[Opening SUPPLIED INFORMATION section]
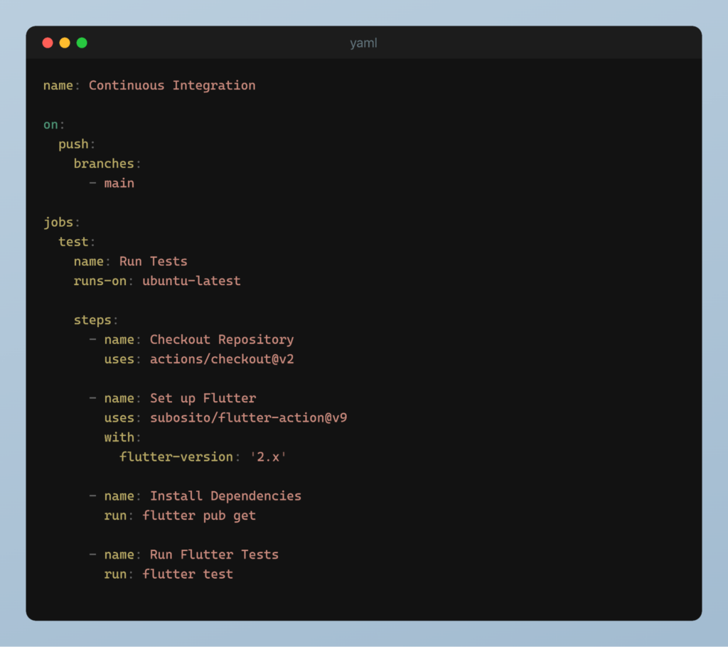 In this example, whenever code changes are pushed to the ‘main’ branch of the repository, GitHub Actions will automatically run Flutter tests. You can configure similar workflows on other CI/CD platforms like CircleCI or Jenkins to suit your project’s needs.
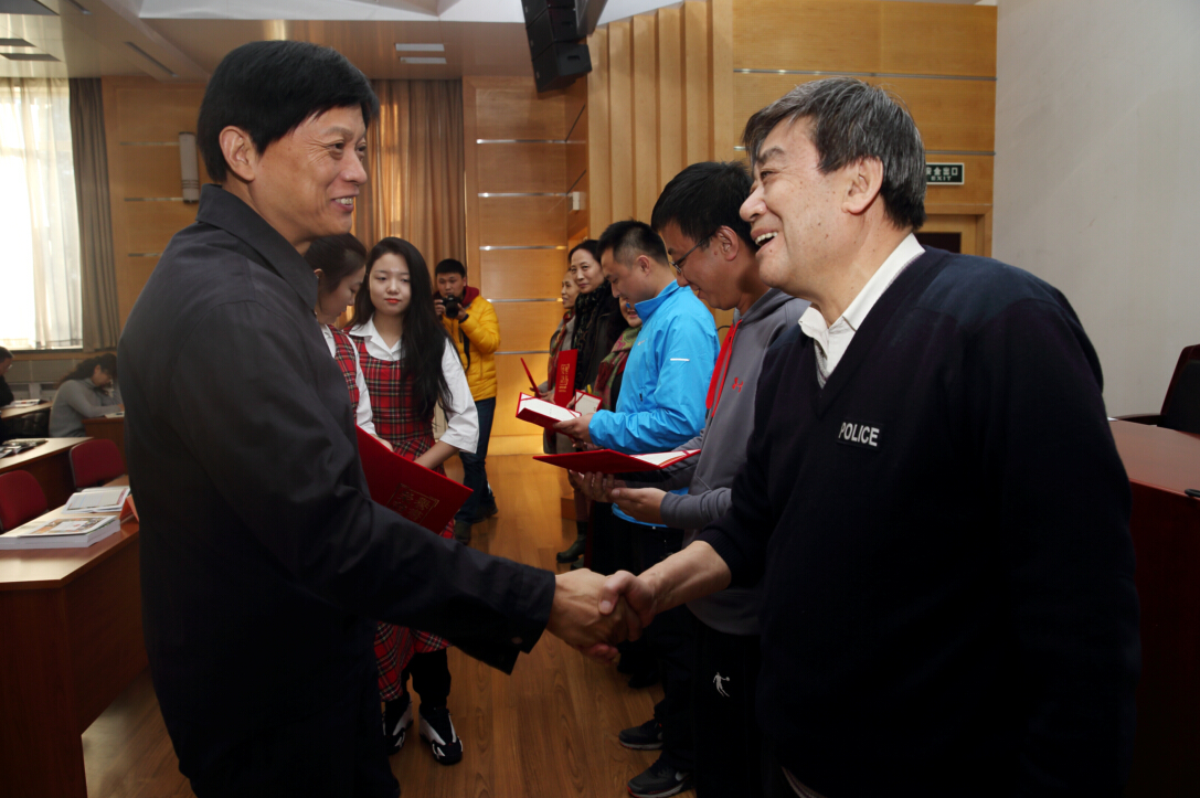 副校长刘大庆同志宣读了《关于表彰2015年毕业生就业创业工作先进集体和先进个人的决定》,并为获奖代表颁奖。为了鼓励大学生自觉投身创新创业实践中来,表彰会上还为我校的“2015年北京地区高校优秀大学生创业团队”也颁发了荣誉证书。
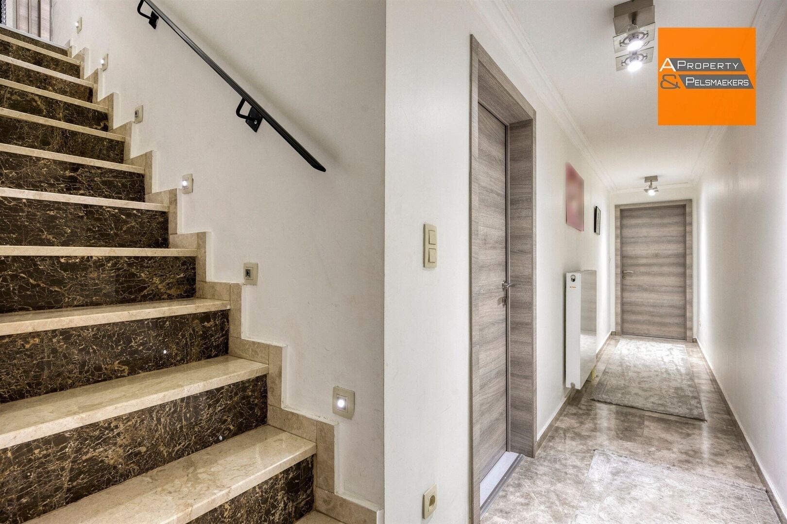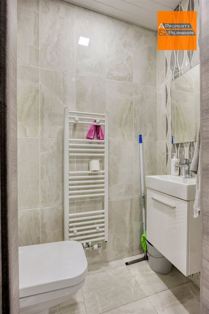 Op het gelijkvloers bevindt zich een ruime en lichtrijke leefruimte met een open keuken, die naadloos aansluit op de veranda met toegang tot de tuin. Verder zijn er een apart toilet en een vestiaire aanwezig.
[Closing SUPPLIED INFORMATION section]
WHAT YOU NEED TO DO =
At the line containing "副校长刘大庆同志宣读了《关于", start reproducing exactly, and stop after the last line of the listing; include both ends, and leave the pictures out.

TASK SOLUTION =
 副校长刘大庆同志宣读了《关于表彰2015年毕业生就业创业工作先进集体和先进个人的决定》,并为获奖代表颁奖。为了鼓励大学生自觉投身创新创业实践中来,表彰会上还为我校的“2015年北京地区高校优秀大学生创业团队”也颁发了荣誉证书。
 Op het gelijkvloers bevindt zich een ruime en lichtrijke leefruimte met een open keuken, die naadloos aansluit op de veranda met toegang tot de tuin. Verder zijn er een apart toilet en een vestiaire aanwezig.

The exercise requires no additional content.